# 6x39w T5HO Freshwater too much?



## Ajaxandrew (Jan 8, 2015)

Hello
I recently upgraded my double 39w fixture to a quadruple, it produces beautiful results in both growth and aesthetics. Then I got to thinking why not run both? They stay on about 12 hours a day.
And I have been doing that on my 65g 24" deep tank for a month now. Lately however my plants, especially pogostemon-helferi and Val's have lost their once vibrant green and and yellowing/browning, I'm wondering if it's too much light? The tank is co2 injected and the substrate is flourite capped topsoil (the tank was supposed to be a Walstad but I couldn't cope with the low maintainence). The other thing I'm wondering is if I should start fertilizing given the high light and resulting growth, surely the topsoil can't provide for everything? I will Prob try EI dosing with dry Ferts once I figure out where to buy it. Also noticing a lot of new algae growth on vals closer to the top near the bulbs (six inches).
Any thoughts or advice or input is appreciated.

Thanks
Andrew


----------



## cb1021 (Sep 21, 2009)

There's many things that need to balance in a planted aquarium. When you increase your lighting, that means the plants require more nutrients because the level of light has increased. I'm talking about Liebig's law of the minimum. The browning you see from your Helferi and Vals could be an indicator of insufficient nutrients.

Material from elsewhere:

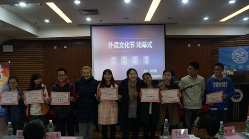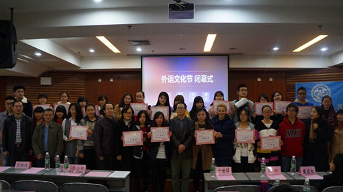 为活跃闭幕式气氛,大会安排了精彩的节目。缪怡然同学为大家带来了“英美文化”演讲;于姝宁、郭小侨同学献上了悦耳的英文歌曲,文化艺术学院再次演绎了英语原声电影配音的视听享受;罗旭辉同学的一曲《 Apologize》的优美歌声引来台下观众的阵阵欢呼。闭幕式上出席闭幕式的嘉宾为获得本届外语文化节的获奖者颁发了一、二、三等奖和优秀奖。最后,外国语学院黄驰副院长致闭幕词并宣布本次外语文化节闭幕。(来源;外国语学院  作者:刘鋆  审核:新闻中心)

Running high light tanks opens up a new avenue - it's quite different than running a low light tank (as you had previously). Take a read up on "The EI Concept explained".

I think you can run 6 x 39 watt over a 24" tank, but you need to make sure your co2 keeps up. If you don't have enough co2 (30ppm), you will get algae. If you have enough co2 but not enough nutrients, you will get poor growth.

In terms of fertilizing, dry ferts is the way to go. I bought my dry ferts from http://www.canadianaquatics.com/ the pricing is very good.


----------



## arturo (Jun 29, 2014)

im running 6 bulbs on my tank. Mind you, i only run them at 100% for 4hrs. I have good balance and a good cleanup crew, but sometimes a tiny bit of algae makes an appearance. nothing a water change cant fix.


----------